As this opening meeting goes on the women discuss various ways of getting revenge on Euripides and other men, either by poisoning or other extreme measures. A modern adaptation could also throw in bits where the “womyn” ponder ways of bringing down rational feminists like Christina Hoff Sommers, Camille Paglia, Kathy Shaidle, Janet Bloomfield and any others who courageously speak truth to the power and fascistic nature of narrow-minded “feministas”.
The disguised Mnesilochus tries to defend Euripides but – since this is a comedy – he does so in the most awkward way, with arguments that actually insult the group of women rather than persuade them. (For one example he states that Euripides “hasn’t given away ALL the deceitful ways that women manipulate men”.)
The meeting is interrupted by the arrival of another “woman” who is also clearly a man in drag like Mnesilochus. This figure is Cleisthenes, a prominent Athenian often joked about in the ancient comedies. He reveals to the ladies that he has gotten word that Euripides has sent a man to infiltrate their gathering. Mnesilochus and Cleisthenes then comically struggle to maintain their masquerade in scenes that are like a gender-switched version of the “Are there any women at this stoning?” scene in Monty Python’s Life of Brian.
Mnesilochus’ raging erection at being in the company of so many women eventually gives him away and the mob of women threaten to get violent with him. As recently as a few decades ago this scene might have seemed over the top in a modern adaptation but anybody familiar with the hate-filled, raving “SJW’s” on college campuses could tell you this scene rings too true these days.
Mnesilochus saves himself in comic fashion, by seizing a wineskin and threatening to cut it open with a knife as if it was a human hostage. Regular readers will remember that a running joke in Attic Old Comedy is that Greek women love booze like a pack of ancient Patsies and Edinas from Absolutely Fabulous. The horrified women can’t bear to see a drop of wine wasted in such a manner so they back away from Mnesilochus.
The scene goes on with a parody of Euripides’ tragedy Palamedes which I will omit for brevity’s sake. The Chorus Leader of the women addresses the audience directly next, reciting a littany of complaints about men. A modern adaptation could have a lot of fun with this by playing up the kind of whining that campus feminists do about “microagressions” that would never even phase women who function in the real world.
Next come the episodic “blackout sketches” of the comedy, which in this case take the form of a series of unsuccessful attempts by Euripides to rescue the still-captive Mnesilochus. These attempts all parody scenes from Euripides’ tragedies with emphasis on the dynamics between men and women. A Scythian policeman (a modern adaptation could make him a figure representing the pandering, eunuchoid White Knights who abet the self-proclaimed “SJW’s”) stands guard and foils all the attempts to rescue Mnesilochus.
Eventually Euripides simply goes to the women and works out a truce.

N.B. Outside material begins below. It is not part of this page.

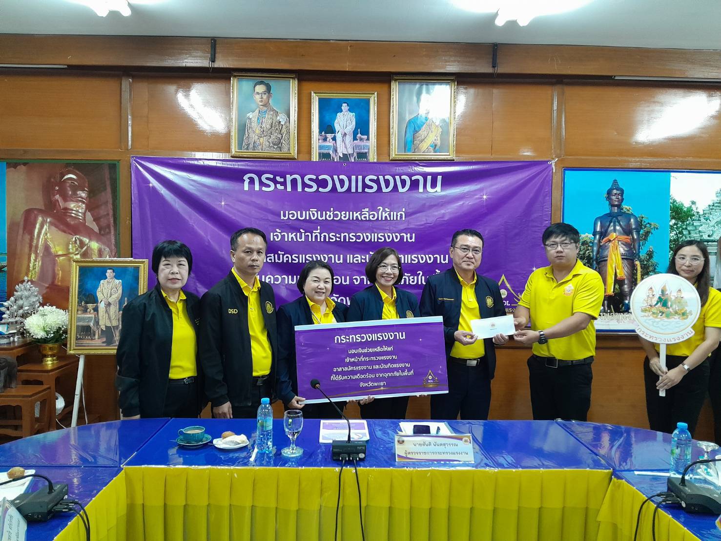 วันที่ 18 ตุลาคม 2567 นายพิพัฒน์ รัชกิจประการ รัฐมนตรีว่าการกระทรวงแรงงาน มีความห่วงใยต่อความเป็นอยู่ของครอบครัวแรงงานที่ได้รับผลกระทบจากอุทกภัย โดยนายบุญสงค์ ทัพชัยยุทธ์ ปลัดกระทรวงแรงงาน ได้มอบหมายให้ นายสันติ นันตสุวรรณ ผู้ตรวจราชการกระทรวงแรงงาน ลงพื้นที่ตรวจเยี่ยมให้กำลังใจ พร้อมมอบเงินและชุดยังชีพ เครื่องอุปโภคบริโภคช่วยเหลือบุคลากรกระทรวงแรงงาน บัณฑิตแรงงาน และอาสาสมัครแรงงาน ที่ได้รับผลกระทบจากสถานการณ์อุทกภัยในพื้นที่ จังหวัดพะเยา รวมจำนวน 28 ราย เพื่อสร้างขวัญกำลังใจและบรรเทาความเดือดร้อนให้แก่ผู้ประสบอุทกภัย สำหรับอุปกรณ์ที่ได้รับความเสียหายจากสถานการณ์อุทกภัย สำนักงานพัฒนาฝีมือแรงงานพะเยาจะตรวจเช็คและซ่อมแซมเครื่องอบลมร้อนขนาดใหญ่ให้แก่กลุ่มวิสาหกิจชุมชน ชาบัวกว๊านพะเยา ซึ่งมีสมาชิก 7 คน “ด้วยรักและห่วงใยจากใจครอบครัวแรงงาน”

He promises not to give away any more of their secrets regarding their manipulation of the men in their lives if they free Mnesilochus. Both sides agree to these terms, bringing on the comedy’s happy ending.
Normally I provide a way in which these ancient comedies could be used to lampoon the faults of modern-day liberals AND conservatives, but let’s face it – at this particular point in time there is no true conservative counterpart to the situations presented in Thesmophoriazusae.